** Opening Given entries block **
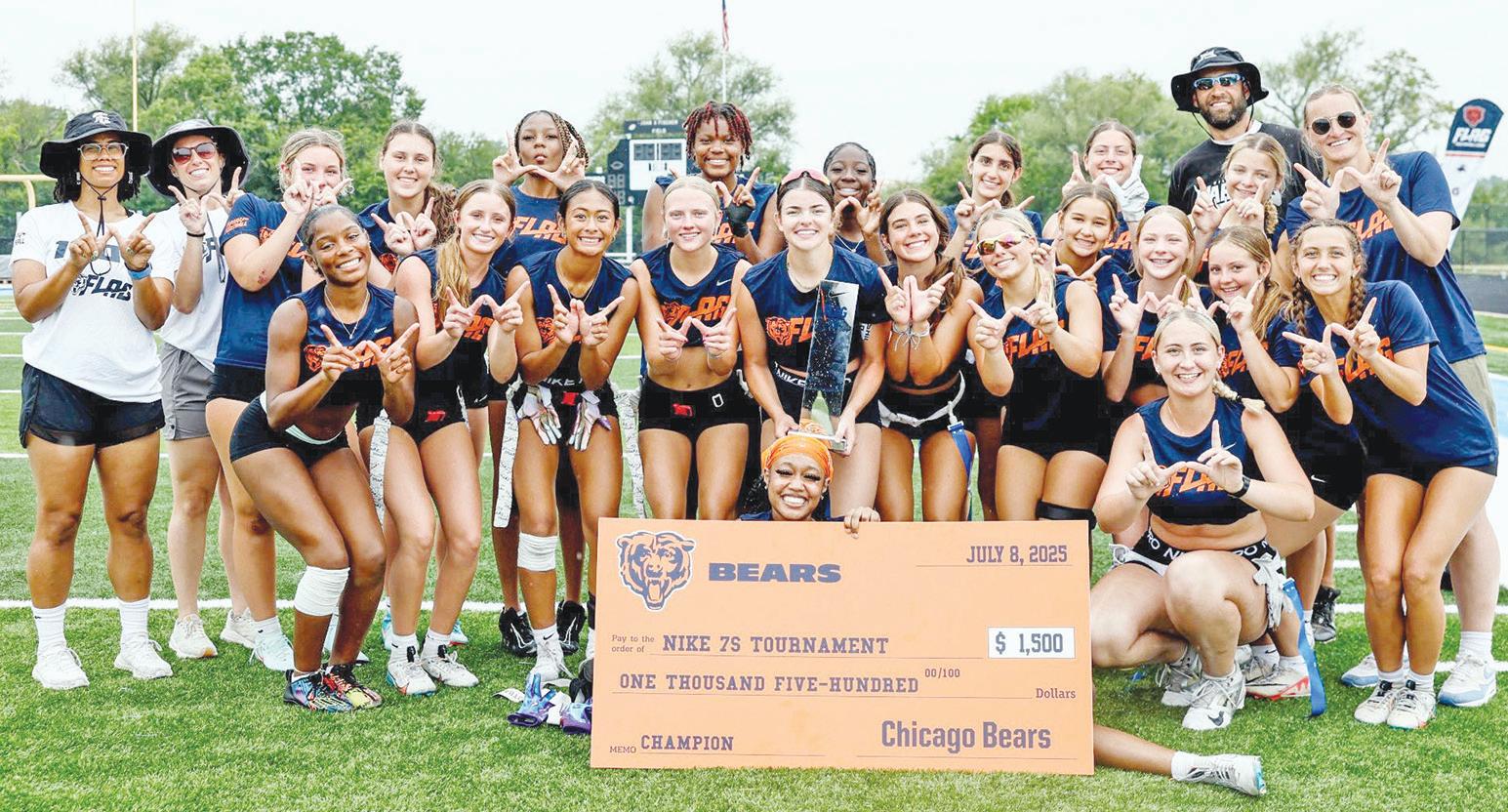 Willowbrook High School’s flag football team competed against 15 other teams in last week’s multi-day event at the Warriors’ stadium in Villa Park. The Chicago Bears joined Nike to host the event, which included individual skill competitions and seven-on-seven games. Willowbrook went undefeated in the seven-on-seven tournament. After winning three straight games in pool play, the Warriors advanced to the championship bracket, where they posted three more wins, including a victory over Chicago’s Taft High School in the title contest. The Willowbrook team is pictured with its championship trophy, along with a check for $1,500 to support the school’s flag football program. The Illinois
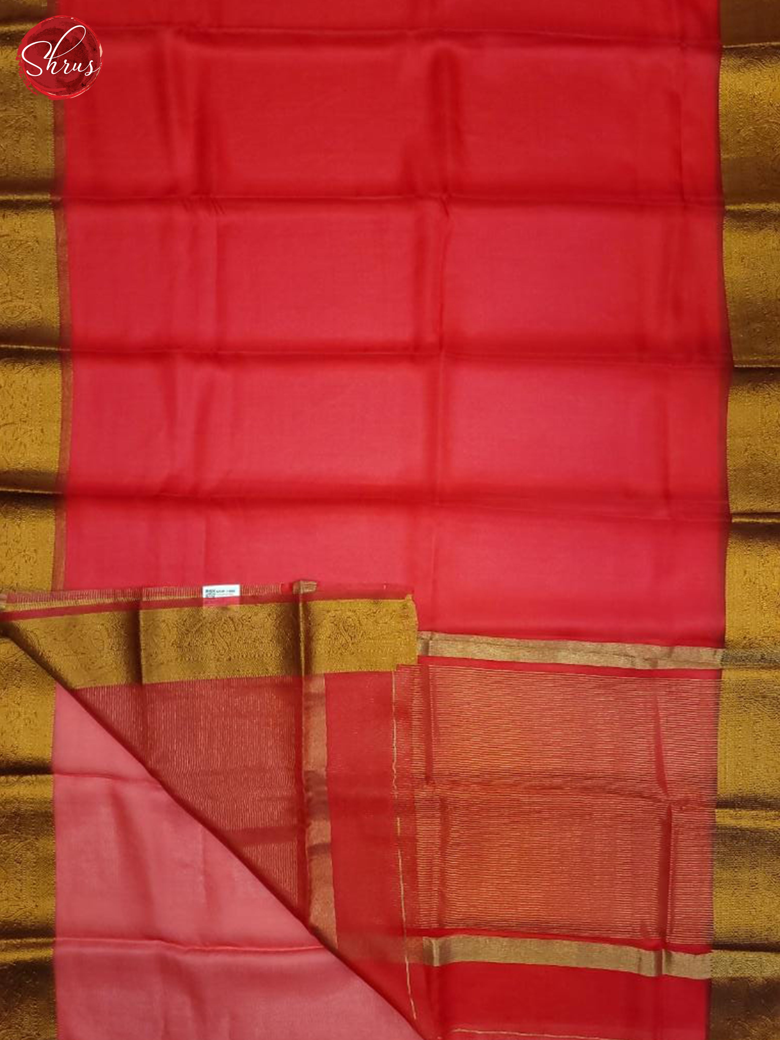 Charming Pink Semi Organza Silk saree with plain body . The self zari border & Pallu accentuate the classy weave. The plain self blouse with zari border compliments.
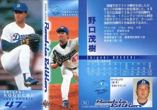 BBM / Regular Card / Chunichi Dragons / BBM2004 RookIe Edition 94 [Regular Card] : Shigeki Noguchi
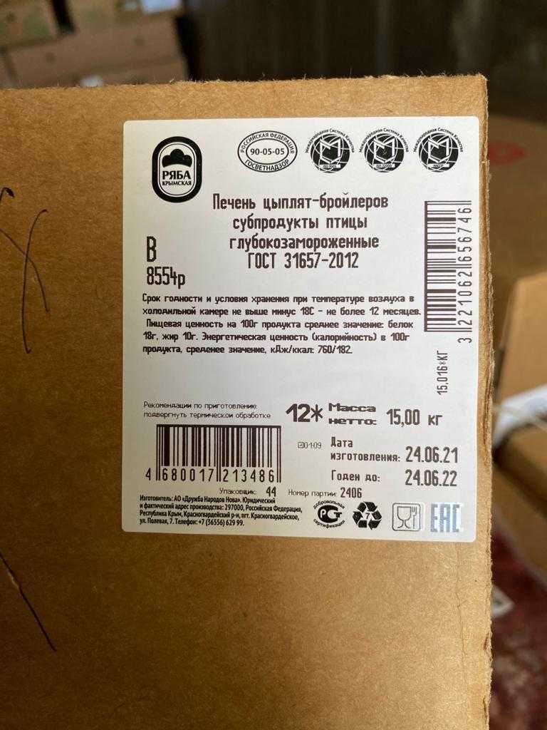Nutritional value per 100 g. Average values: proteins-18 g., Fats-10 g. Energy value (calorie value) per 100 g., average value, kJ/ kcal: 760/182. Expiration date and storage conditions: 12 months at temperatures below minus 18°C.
** Closing Given entries block **
** Opening Given entries block **
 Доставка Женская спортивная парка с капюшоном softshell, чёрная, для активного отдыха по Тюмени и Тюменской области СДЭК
** Closing Given entries block **
Task details –
What's needed is an exact copy of the lines above from the one with "BBM / Regular" through the one with "Nutritional value per", both included; the pictures stay out.

Expected output –
 BBM / Regular Card / Chunichi Dragons / BBM2004 RookIe Edition 94 [Regular Card] : Shigeki Noguchi
Nutritional value per 100 g. Average values: proteins-18 g., Fats-10 g. Energy value (calorie value) per 100 g., average value, kJ/ kcal: 760/182. Expiration date and storage conditions: 12 months at temperatures below minus 18°C.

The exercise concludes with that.